Tuesday, May 7, 2013
RICO and the Atlanta Public Schools cheating scandal
As an Atlanta native, I have been following the indictments this
spring in the Atlanta public schools cheating case, which USA
Today and CNN call
the nation's largest school cheating scandal. Thirty-five educators in the
Atlanta Public Schools system (APS), including former school superintendent
Beverly Hall, were indicted in March for participating in a conspiracy to cheat
on standardized tests such as the Criterion Referenced Competency Test, which
were used as benchmarks showing student proficiency. Showing progress towards
student proficiency in reading and math are required by the No Child Left
Behind Act. The APS cheating conspiracy was motivated, state investigators found,
by federal incentives that the educators would receive, including cash, when Atlanta's
students met the proficiency standards mandated under the No Child law. The APS officials and teachers are accused of
cheating by giving students essay test questions in advance, assisting students
during tests, and having grade-changing
parties to erase and make students' wrong test answers correct.

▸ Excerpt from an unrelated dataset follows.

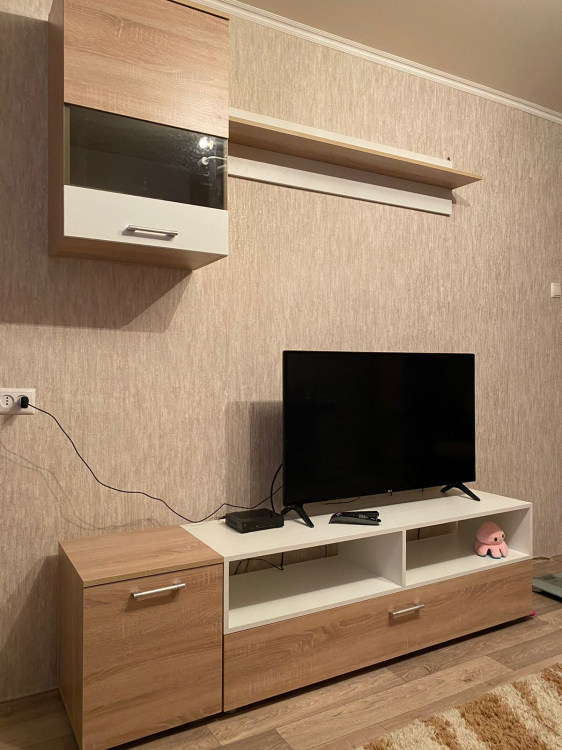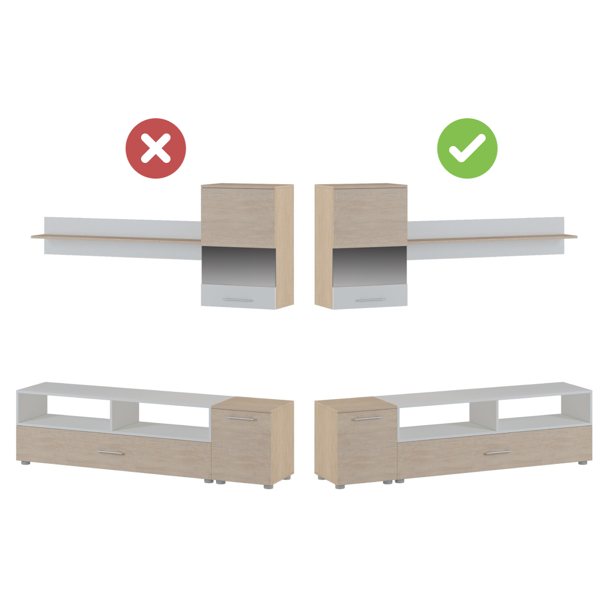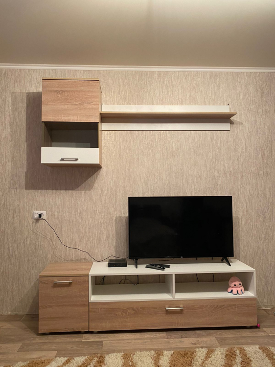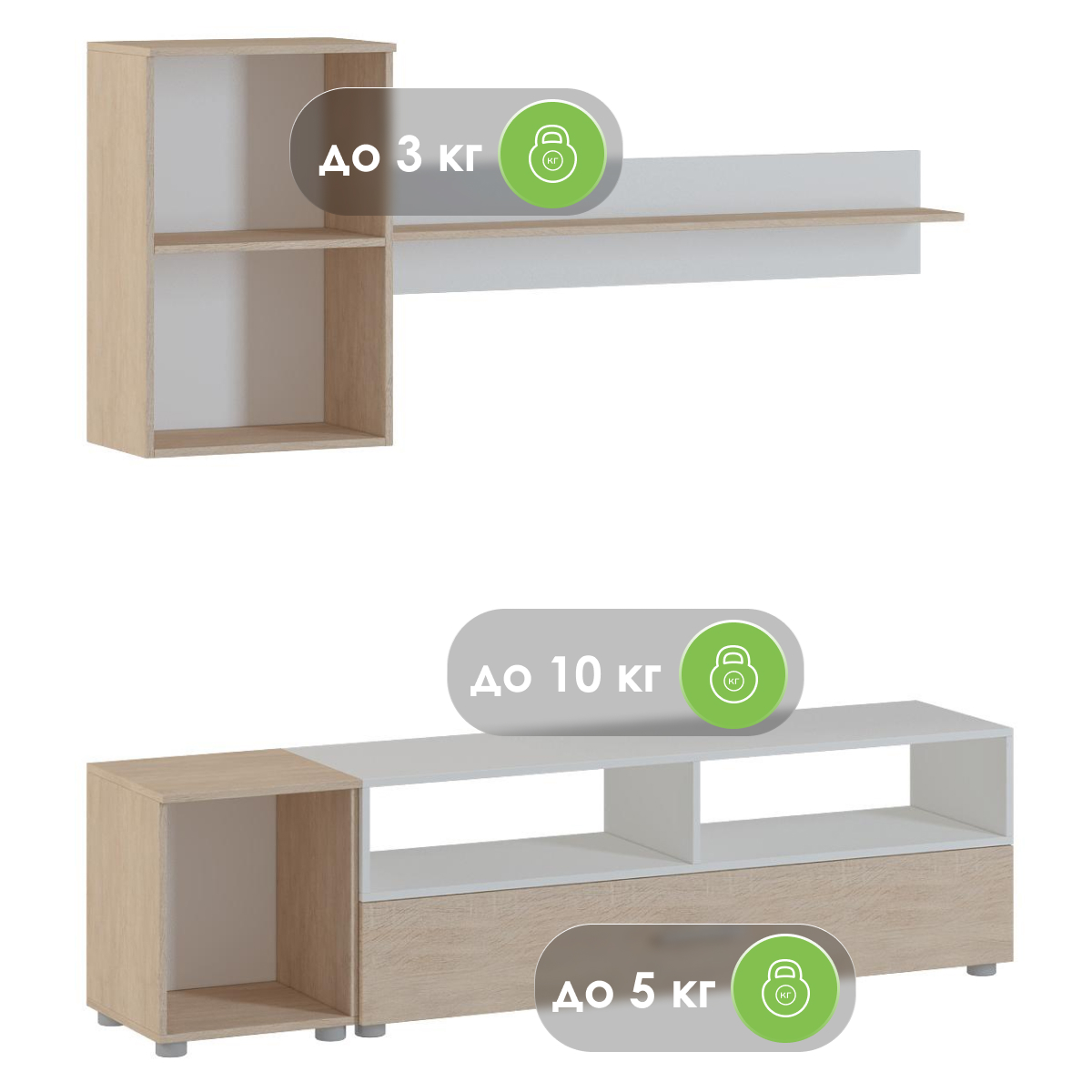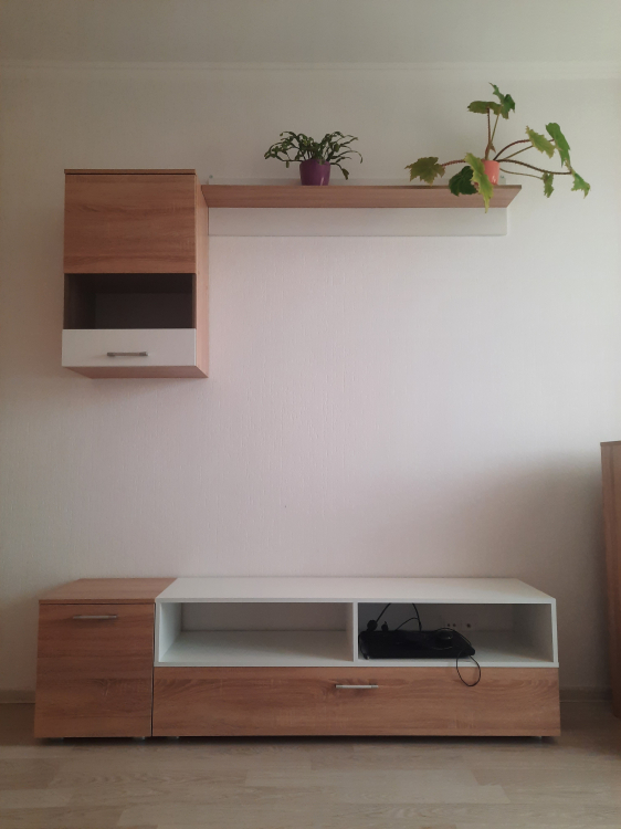 Все отлично, спасибо! Не первый раз заказываем в этом магазине. В этот раз со сборкой. Довольны! Набор состоит из 4 позиций. Можно разместить по-разному. Мы верхнюю полку повесили выше. Учитывайте, что нижняя тумба длинная и выдержит только телевизор (современный). Под большой тяжестью прогибается и мешает открывать ящик. Ящик внутри разделен перегородкой на два.

State
investigators have found that teachers in 44
of the 56 Atlanta schools examined had done some form of cheating on
federal tests, according to a 300-page investigative report given to
Georgia Governor Nathan Deal in 2011.
Fulton County District Attorney Paul Howard Jr. has charged the educators under Georgia's Racketeer Influenced and Corrupt Organizations Act (RICO) statute, O.C.G.A. § 16-14-4(c). The educators are charged under the Georgia RICO section that makes it unlawful to "conspire or endeavor to participate in an enterprise through a pattern of racketeering activity while being employed by, or associated with, the enterprise"). Like the federal statute it was modeled on, Georgia RICO was intended to prosecute crime syndicates, but prosecutors gradually began using RICO for public corruption cases such as the APS cheating scandal. Georgia's RICO law differs from the federal racketeering statute because Georgia law allows a defendant to be convicted for an “endeavor” to participate in a RICO violation (giving Georgia prosecutors a theory of liability that the federal statute does not have) and broader definitions of "pattern of racketeering activity" and "enterprise," Michael P. Kenny and H. Suzanne Smith notes in their article, A Comprehensive Analysis of Georgia RICO. Both RICO variations will help prosecutors. But while prosecutors can make the case for the APS educators' bad behavior, it may be more of a challenge to prove that the defendants were organized, however loosely, toward achieving a common goal to cheat—beyond simply working for the APS and not wanting to lose their jobs. In a large scandal with many defendants, Howard will have to link the criminal acts with some sort of collective purpose, which usually requires a central figure directing the organization, notes RICO expert Jeffrey E. Grell in an interview with the Associated Press. The central figure here will be former Superintendent Hall. District Attorney Howard's job now is to convince a jury that Hall's alleged acts of whistleblower retaliation, firings, and document shredding shows her control and direction of the cheating scheme.
Also, NPR reports that suspicions have resurfaced about the remarkable turn-around of Washington, D.C.'s schools test scores under former schools chancellor Michelle Rhee. The suspicions center around allegations that unusual patterns of erasures and changed answers on student standardized tests. See Long-Lost Memo Stirs Allegation Of Cheating In D.C. Schools.